Sin entrar en la escandalosa aporía que lastra a todos los militantes y portadores de las ideologías totalitarias y
en nosotros, los sesentayocheros, como nos llaman con sorna los alemanes, alcanzara ribetes de auténtica
esquizofrenia: gozar de la máxima libertad posible y añorar el esclavismo, disfrutar del consumo de la riqueza
social hecha posible por el modo de producción capitalista y apostar a un idílico paraíso absolutamente ilusorio
y engañoso, coronado con hambrunas, penurias, sufrimientos y mortandades inenarrables. Goethe, el más grande
de los poetas alemanes y Hegel, la cumbre el pensamiento filosófico de Occidente, despertaron al horror que se
incubaba a comienzos del Siglo XIX en la civilización europea, brutalmente puesto al descubierto por el terror de
la Revolución Francesa y la desaparición de las monarquías, preguntándose por aquello que vendría a llenar el
vacío de la legitimación divina del Poder político, una vez desaparecidos sus vicarios monárquicos.
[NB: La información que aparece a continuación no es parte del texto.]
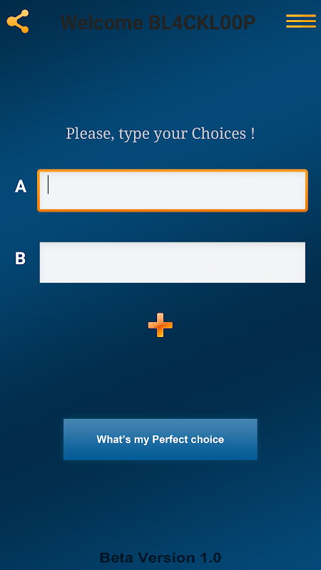 The User just has to type his/her Choice/Decision in the text boxes addressed for that purpose and hit the "What's my Perfect Choice" button ! You will be asked to wait, for your Perfect Choice, for a few seconds (5 seconds) then The App will reveal to you what your best and perfect Choice would be !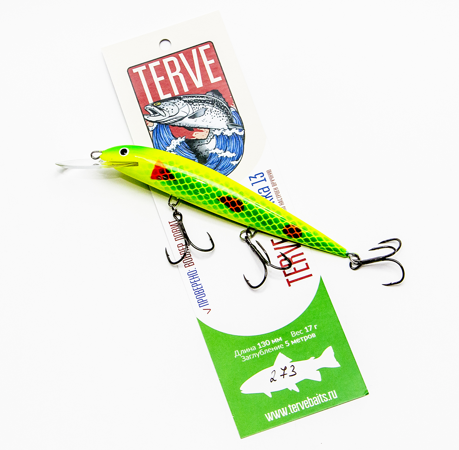 ТТХ воблера: вес 17 гр., длина 13 см., заглубление заявленное производителем – 5 метров. Воблер плавающий, "тихий" (без шумовой камеры).

Donoso Cortes,
junto a Bonald y De Maistre, los tres grandes pensadores conservadores del Siglo XIX, apostaron a la aparición de
monstruosas dictaduras de corte planetario, facilitadas por la irrupción del anonimato colectivo en la escena
política y el gigantesco desarrollo de las comunicaciones – el telégrafo, el ferrocarril y la navegación a vapor -,
que por primera vez en la historia de la humanidad habían hecho posible la globalización en tiempo real del
plantea.
Los totalitarismos anticiparon y fueron producto, al mismo tiempo, de la sociedad global. Del igualitarismo al que
tanto temió Alexis de Tocqueville y del industrialismo que abrió los horizontes para inimaginables conquistas
materiales. Y si bien la realidad y el concepto nacen unidos de la mano por Benito Mussolini, fueron
conceptualizados avant la lettre por el pensamiento libertario, aterrado ante la alborada de la barbarie, por
Nietzsche, por Donoso Cortés, por Kierkegaard, por Schopenhauer. Las dictaduras nacionales ya habían
comenzado a sentirse incómodas reducidas al estricto terreno de sus fronteras y ansiaban fagocitar al vecindario.
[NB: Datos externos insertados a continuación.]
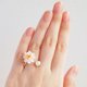 Tsumami-zaiku water lily ring ≪Details≫ At Hanairo Komachi, we handle works that have been arranged in a modern way to make it easy to use, a traditional craft from the Edo period. This is a water lily ring with Tsumamizaiku. I used pearls for decoration. It is an item with a strong presence while giving a cute impression. ≪Ring Parts≫ A free size fork ring with an inner diameter of 20mm. The surface is plated to prevent rusting, so it is recommended for everyday use. Material: Metal (with plating on the surface) Color: Gold ≪Size≫ Water lily (length: about 1.8 cm, width: about 1.8 cm) Ring (inner diameter: about 20mm) *Please read before purchasing. [Precautions for use/storage] ・Wetting with water may cause deformation and damage. If it gets wet, gently wipe off the moisture and dry it. ・Sweat and sebum cause deterioration such as discoloration. be careful. ・Avoid pressure or shock as it may cause deformation and damage. ・Keep out of contact with air as much as possible. ・The fabric will fade if exposed to the sun. Keep out of direct sunlight. [About the posted photo] The published photograph is a sample to the last. The color of the actual product may differ from the photo depending on the shooting conditions and the monitor environment. In addition, since this is a made-to-order product, the size, balance, color, and pattern may differ slightly between the product you receive and the photo. 【Prohibited matter】 ・Purchased only for personal use (for personal use or as a gift for someone close to you). Purchases for commercial purposes are not permitted. ・Purchase by proxy for the purpose of resale or profit is prohibited. Purchases for the purpose of producing counterfeits are also prohibited. ・The copyright of the work, the idea of the work, the posted image, and the product description is owned by Hanairo Komachi. In any case, imitation of works, plagiarism or arrangement of ideas of works, reprinting or unauthorized use of posted images and product descriptions are prohibited.

Como lo venimos sufriendo en América Latina desde la irrupción de los hermanos Castro el 1 de enero de 1959.
Mucho más en tiempos del predominio del mar en este nuevo Nomos de la Tierra, como lo describiese con su
inocultable genialidad el pensador alemán Carl Schmitt.
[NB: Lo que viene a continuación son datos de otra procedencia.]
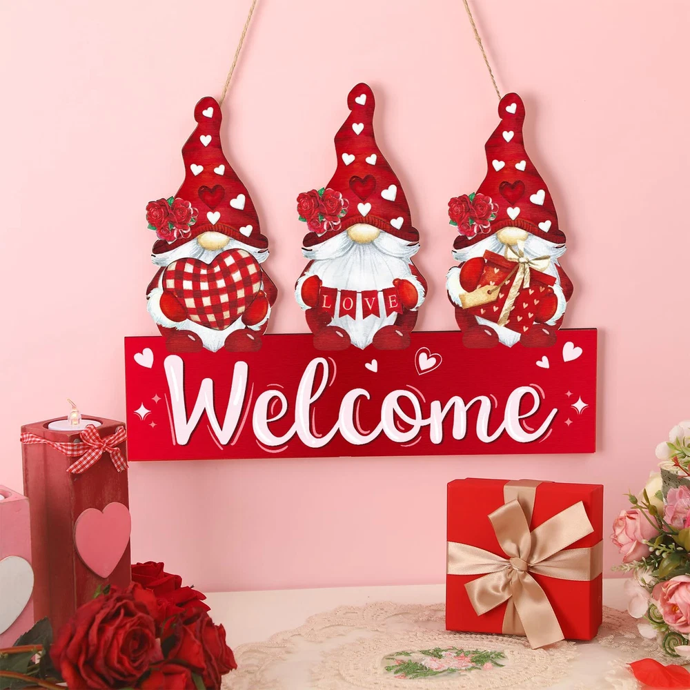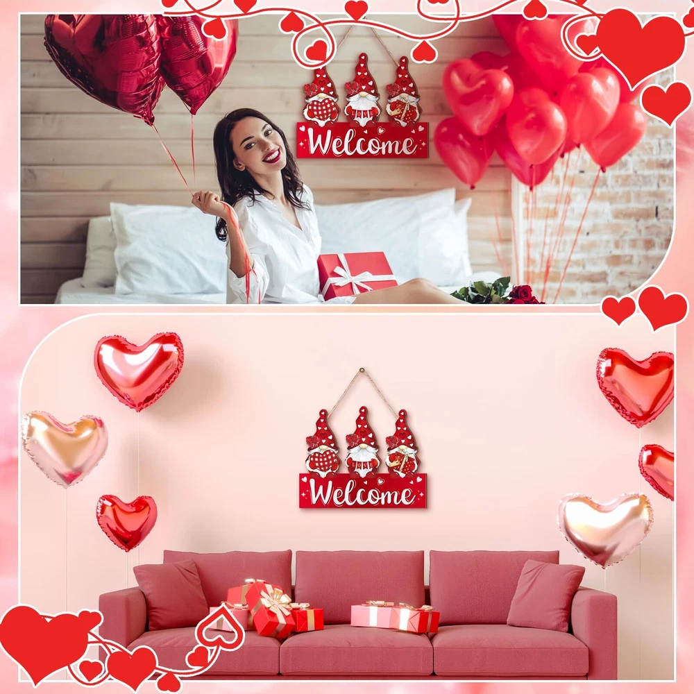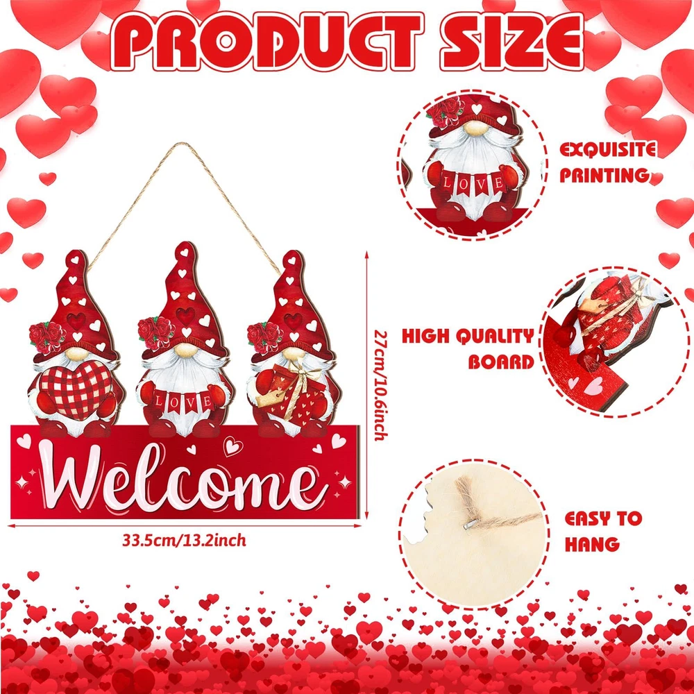 Features: Space saving and practical: Despite its intricate design, the Valentine's Day front door decor is compact. The appropriate size does not consume too much space whether you choose to hang it on your door or window, it optimizes your space efficiently while making a significant impact. Creating a festive atmosphere: This Valentine wall decoration is not just a decorative piece but a nice tool to establish a warm and joyful Valentine's atmosphere. It's the little details that can make your home look nice, and this gnome shaped hanging sign with roses is just the thing to add that touch of love. Specifications: Material: wood Color: as shown in the figure Size: about 13.2 x 10.6 x 0.2 inches/ 33.5 x 27 x 0.5 cm Package includes: 1 x Valentine's Day hanging sign Notes: Manual measurement, please allow slight errors on size. The color may exist a slight difference due to different screen displays. Ideal Size: with an approximate size of 13.2 x 10.6 x 0.2 inches/ 33.5 x 27 x 0.5 cm, Valentine's Day gnome decor offers an ideal footprint that allows effortless decoration without taking much space Stylish and Functional Design: the door hanging sign boasts a sweet gnome design adorned with romantic roses, and the warm welcoming word 'Welcome' printed on it; This exquisite look creates a sweet holiday atmosphere, making your home feel more inviting during Valentine's Day Quality Material: this Valentine's Day gnome door hanger is crafted with quality wood that are not easy to break, deform or fade, smooth surface, reliable and sturdy, ensuring its longevity and sturdiness Convenient Hanging Mechanism: equipped with a string, this adorable Valentines' door sign can be quickly and easily hung on different places, bringing festive cheer; Its design blend seamlessly with most home decoration styles, making it a versatile choice Multipurpose Home Decoration: this Valentines hanging sign goes well beyond decorating your front door; You can also embellish your porch, wall, window, table, fireplace mantel, bedroom, kitchen, living room, farmhouse, bathroom, coffee shop, or even a bakery to spread the Valentine's Day spirit

Quien crea que el tiempo de los totalitarismos llegó a su fin con la desaparición física de Hitler, de Stalin, de Mao
no tiene más que asistir al anhelo por establecer un Estado Islámico. Y a la inocencia con que las izquierdas
latinoamericanas juegan a la lucha de clases. Son las más recientes ensoñaciones del desvarío totalitario. Que al
parecer, llegó en Octubre de 1917 para quedarse. Si así fuera, el totalitarismo pretendido por el Estado Islámico
no será el último. Más que la tentación, comenzamos a sufrir de la añoranza totalitaria. Ese jarabe del que nosotros,
los venezolanos, llevamos 14 años disfrutando en solitario. Dios nos asista.